You can continue to spawn off additional snapshots. Each snapshot is linked to its parent in a linear (timeline) arrangement. They cannot link in a branched tree arrangement because that would create dead branches.

When you go back to a previous point in time (return to a snapshot) everything to the right of that point in time is destroyed (rendered unusable) because you altered the VM at a previous point.


Managing snapshots
Okay, what can I do with snapshots besides take them?

You can select a shapshot for a VM and “apply” it or “revert” to it.
This takes you to that moment in time and begins running the VM at that point in time. (You begin using the AVHD file that was created at that point in time).
“Revert” takes you back one step while “apply” can take you back many snapshots in one step.

Deleting a snapshot removes it from the tree.

You might wonder “if all of the snapshots are linked together how can I delete a snapshot out of the middle?”

This is because in the background Hyper-V is maintaining the integrity of your VM by combining the various states of your VM (or flattening the structure of your differencing disk timeline). If this didn’t happen your entire VM would be broken – that would be a serious bummer.

The merge process happens quietly in the background when a VM is powered off.
That is an important thing to remember – the VM must be powered off for all of the disks to be merged together.
This counts for anytime that snapshots are modified or merged into the Parent.

Delete a snapshot and its subtree.
This process deletes a snapshot and any other snapshots that are to the right of it in the timeline. The result is just that any snapshots taken to the right of the point in your timeline that you elected to perform this operation are all committed and merged into your current snapshot.

What if you want to “flatten” your tree and have everything written back to the base VHD?
Delete each of your snapshots one by one, even the current running one, and wait for the changes to be merged back into your base VHD. This can take a long time, and the VM needs to be powered down.

Deleting snapshots does not move you back in time, only applying a snapshot does that. Deleting snapshots merges your changes into another disk within the timeline.

Oh, and why don’t I have a bunch of screenshots of the GUI?
Because I figure that most Server Admins are smart enough to handle a GUI ;-)

18 comments:

Anonymous said...

Brian,

The way "snapshots" are implemented in Hyper-V makes no sense ot me at all. Consider what you wrote:

"Delete a snapshot and its subtree. This process deletes a snapshot and any other snapshots that are to the right of it in the timeline. (This makes sense to me)

**** The result is just that any snapshots taken to the right of the point in your timeline that you elected to perform this operation are all committed and merged into your current snapshot."

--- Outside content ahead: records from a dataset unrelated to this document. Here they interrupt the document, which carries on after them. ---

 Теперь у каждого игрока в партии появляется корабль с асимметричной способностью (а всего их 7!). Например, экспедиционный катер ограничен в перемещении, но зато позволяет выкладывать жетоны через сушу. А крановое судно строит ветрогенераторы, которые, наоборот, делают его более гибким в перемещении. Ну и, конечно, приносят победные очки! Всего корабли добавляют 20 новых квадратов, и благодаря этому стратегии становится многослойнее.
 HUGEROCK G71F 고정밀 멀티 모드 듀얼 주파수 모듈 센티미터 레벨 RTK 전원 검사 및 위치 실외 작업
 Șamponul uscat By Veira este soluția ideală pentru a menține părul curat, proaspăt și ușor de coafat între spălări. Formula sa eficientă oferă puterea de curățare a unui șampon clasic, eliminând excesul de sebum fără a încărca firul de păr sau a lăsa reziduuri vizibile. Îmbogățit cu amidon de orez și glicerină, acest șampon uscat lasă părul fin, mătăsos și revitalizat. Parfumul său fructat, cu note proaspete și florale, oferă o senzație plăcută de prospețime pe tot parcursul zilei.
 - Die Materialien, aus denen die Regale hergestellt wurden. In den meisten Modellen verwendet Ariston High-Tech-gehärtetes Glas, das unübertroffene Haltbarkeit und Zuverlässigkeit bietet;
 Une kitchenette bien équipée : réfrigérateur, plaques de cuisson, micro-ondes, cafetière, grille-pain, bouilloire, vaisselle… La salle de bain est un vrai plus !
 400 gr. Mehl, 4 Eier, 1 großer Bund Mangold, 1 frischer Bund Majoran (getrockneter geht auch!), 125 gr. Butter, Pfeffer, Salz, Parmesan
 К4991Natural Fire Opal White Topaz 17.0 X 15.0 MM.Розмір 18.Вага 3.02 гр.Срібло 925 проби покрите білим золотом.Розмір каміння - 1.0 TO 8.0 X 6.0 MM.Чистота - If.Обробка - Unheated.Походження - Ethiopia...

The part after the "****" strikes me as maddness. It seems to say that deleting a snapshot and its subtree causes all snapshots to the right (in time) of the deleted snapshot to be merged into the current snapshot. To me delete means NOT included -- nothing is merged back into anything.

BrianEh said...

A couple suggestions.
Take a look at the other snapshot posts that I have.
Play around.

Both will give me a chance to put something better together.

The keys are: Differencing Disks. The level within your tree that you perform a snapshot management action. And then what happens in the background.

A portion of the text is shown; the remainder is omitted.